In her new book, Reign of Error, Ravitch attacks the central narrative of corporate education reform, which goes like this: test scores prove that US schools have failed, sinking in relation to measures of aptitude in other countries. High school dropout rates are on the rise, and our economy and security are at risk. At the heart of the problem are lazy, incompetent and undemanding teachers. For this reason, unions and teacher job protection must go. Schools need evaluating so that we can close the failed ones and open charter schools in their place. For-profit charters, along with vouchers and online schools, will provide better education for children at a cheaper price. Business leaders and foundations are helping us move in the right direction, toward innovation and school reform.
Reign of Error is both a manifesto fueled by righteous indignation about this narrative and a policy wonk’s memo crammed with charts and footnotes refuting it. Much like the celebrated statistics wizard Nate Silver, Ravitch is an explainer, someone who is adept at explicating technical data without resorting to geek speak. She extends the arguments of her previous book by claiming that the American public is the victim of a “hoax” in which purported free-market solutions have worked as distractions from the truly pressing problems of poverty and segregation by race and class, which impede learning and therefore should be the actual target of education and social reform. The corporate-reform narrative tactfully avoids using language that smacks of privatization because, while accurate, it would almost certainly make the proposed reforms less popular. “Public education is in a crisis only so far as society is and only so far as this new narrative of crisis has destabilized it,” Ravitch writes. Having explained why student scores on standardized tests cannot reliably be used to measure and assess their teachers’ performance, Ravitch concludes by offering a stinging appraisal: this signature idea of corporate reformers “may even be junk science.”

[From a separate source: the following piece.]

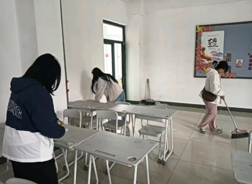 “共建美丽校园”活动主要针对校园教室卫生进行打扫整理。打扫教室的过程,是美德与团队精神的培养皿。各支部成员积极响应,同学们热情参与,对教室内的桌椅、地面、黑板及窗户进行了彻底清洁。此次活动不仅教会了我们勤劳、责任与尊重,更让我们在分工明确、相互协作的实践中,展现出良好的团队精神。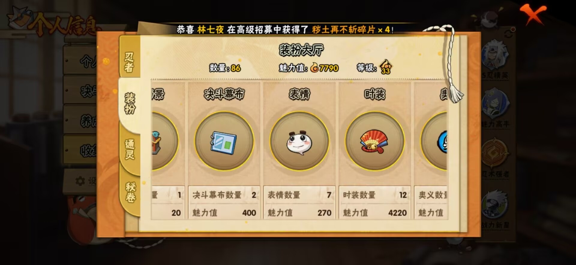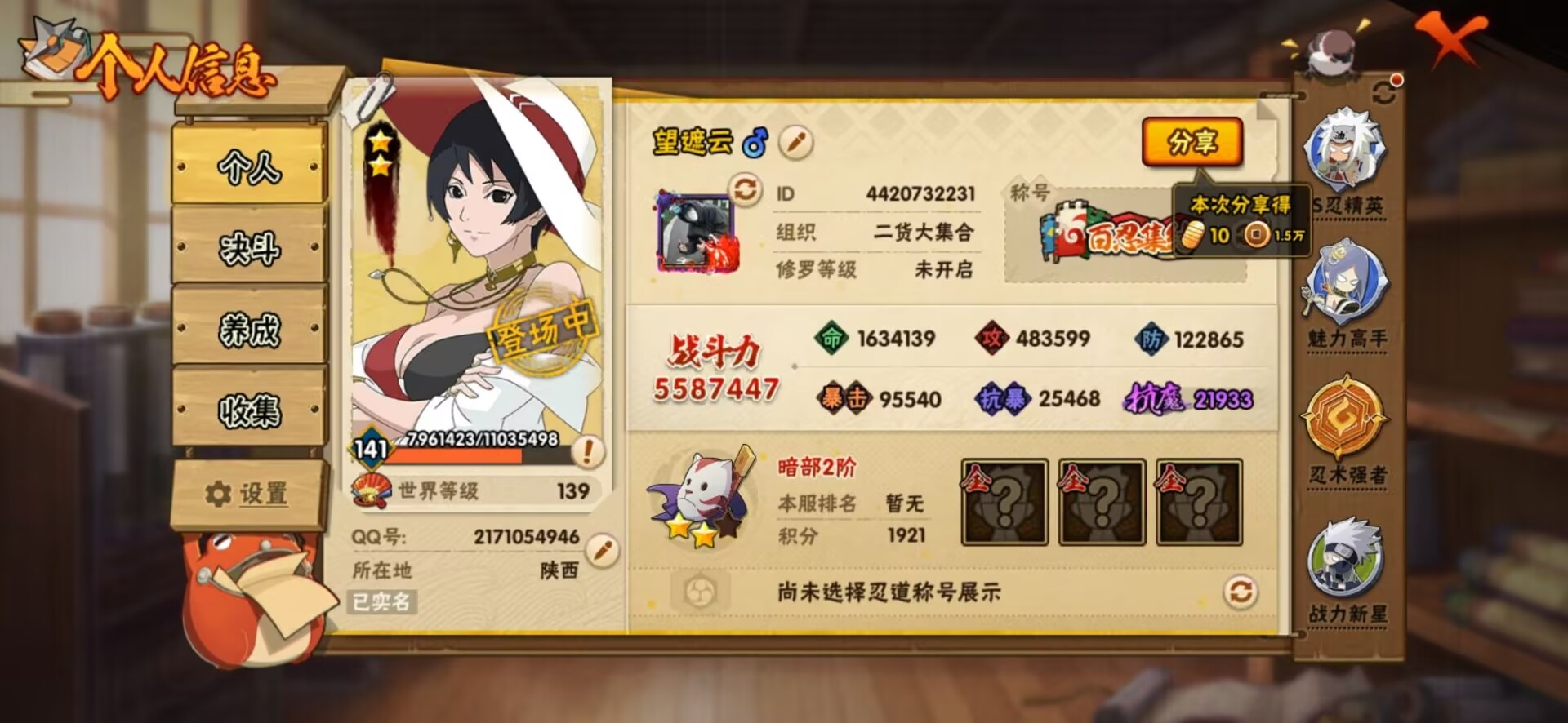[11290583]V12 15S忍 35A忍 16通灵 558.7W战力 可二次 可修改实名 优质装备:熊猫,千手柱间「秽土转生」,宇智波鼬「秽土转生」,药师兜「仙人模式」,宇智波斑「秽土转生」,“宇智波斑” 「白面具」,漩涡鸣人 「九喇嘛连结」,宇智波斑「秽土转生·解」,旗木卡卡西「须佐能乎」,大筒木舍人 「最终章」,漩涡鸣人 「暴怒·第六尾」 S级忍者:自来也 「舞之豪杰」,宇智波鼬 「须佐能乎」,佩恩「天道」,波风水门,大蛇丸

Ours is an age of relentless testing, corrupted by cooked or deceitful results and widespread cheating scandals. Only one test, the National Assessment of Educational Progress, has remained credible, because there are no stakes attached to it. Ravitch cites NAEP results showing that, contrary to the corporate reformers’ talking points, children’s test scores are at the highest point on record. Reading and math have improved over time (the biggest gains occurred, however, before No Child Left Behind—a showing that may reflect the shift in federal policy from equity to test scores). Nor is it true that the United States is falling behind compared with other nations, though its scores have never been very high, and policy-makers should probably worry more than Ravitch does about the stagnation of US college graduation rates. (Severe inequality pulls US scores down in international comparisons.) But the high school dropout rate is at an all-time low, and graduation rates are at an all-time high. Moreover, there is absolutely no good evidence that schools are to blame for the struggling economy. On the contrary, business leaders have succeeded in turning schools into scapegoats for their decisions to export jobs and lower labor costs. Nor is there any basis for the claim that schools will improve if teacher tenure and seniority are abandoned. Likewise, the claim that learning can be improved by a scorched-earth policy of firing principals and teachers, closing schools, and starting anew remains unproven.